:: HOW TO COMPLETE THIS TASK ::
Write out exactly every line from the one containing "Порно комикс Лига" through the final line of the material below, both included. Pictures are to be skipped.

:: DATA EXCERPT ::
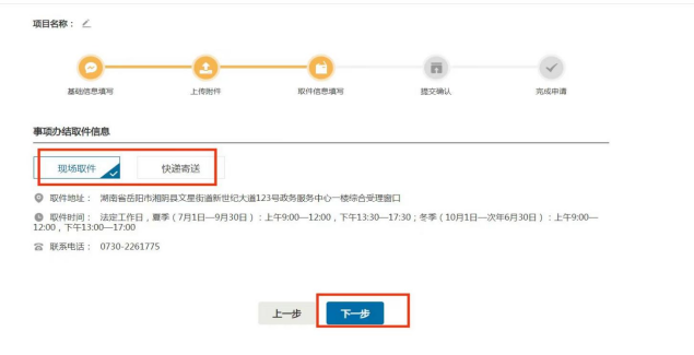 12.可选择“现场取件”/“快递寄送”,点击“下一步”
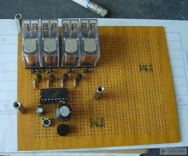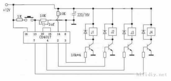 功放需要接好几路信号,有电脑、机顶盒、一个FM收音板还有一个测试用的。。。。整天拔来拔去的,烦的慌 前段时间看论坛上一位大侠发了个4017做的单按键5路音源切换电路,嘿嘿!正好能用到,后来学习了这个ic的基本参数,小改了一下成4路的如下 试验上图发现只
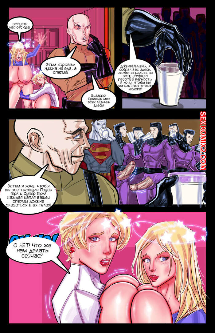 Порно комикс Лига Справедливости. Молочная горничная из стали. Super Poser Горячие сисястые блондинки супергероини боролись с Бизарро, но он их одолел и теперь красотки оказались в плену у Лекса Лютора. Он начал доить из девушек молоко и трахать их вместе со своими солдатами.
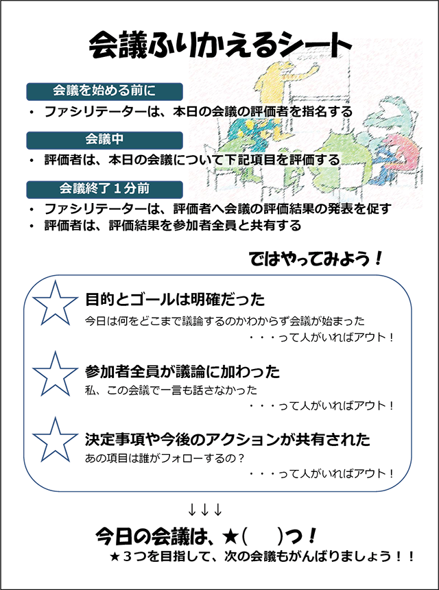 もう1点、誰かひとりが「私がこのダメな会議を改革せねば」と期待値を高く設定しすぎて抱え込んでしまうのもよくありません。「会議のファシリテーション」は、その考え方や意識を複数の参加者と共有してから実践するのが望ましいと思います。例えば私のクライアント企業の方がよくやっているのが、私の会議術の書籍やブログを回し読み・共有して「ちょっとこれやってみよう」と話し合うという方法。どんなに小さな企業改革もたった一人で行うのは難しいので、まずは「会議のファシリテーション」を共通言語化してみることをオススメします。

:: RESULT OF THE TASK ::
 Порно комикс Лига Справедливости. Молочная горничная из стали. Super Poser Горячие сисястые блондинки супергероини боролись с Бизарро, но он их одолел и теперь красотки оказались в плену у Лекса Лютора. Он начал доить из девушек молоко и трахать их вместе со своими солдатами.
 もう1点、誰かひとりが「私がこのダメな会議を改革せねば」と期待値を高く設定しすぎて抱え込んでしまうのもよくありません。「会議のファシリテーション」は、その考え方や意識を複数の参加者と共有してから実践するのが望ましいと思います。例えば私のクライアント企業の方がよくやっているのが、私の会議術の書籍やブログを回し読み・共有して「ちょっとこれやってみよう」と話し合うという方法。どんなに小さな企業改革もたった一人で行うのは難しいので、まずは「会議のファシリテーション」を共通言語化してみることをオススメします。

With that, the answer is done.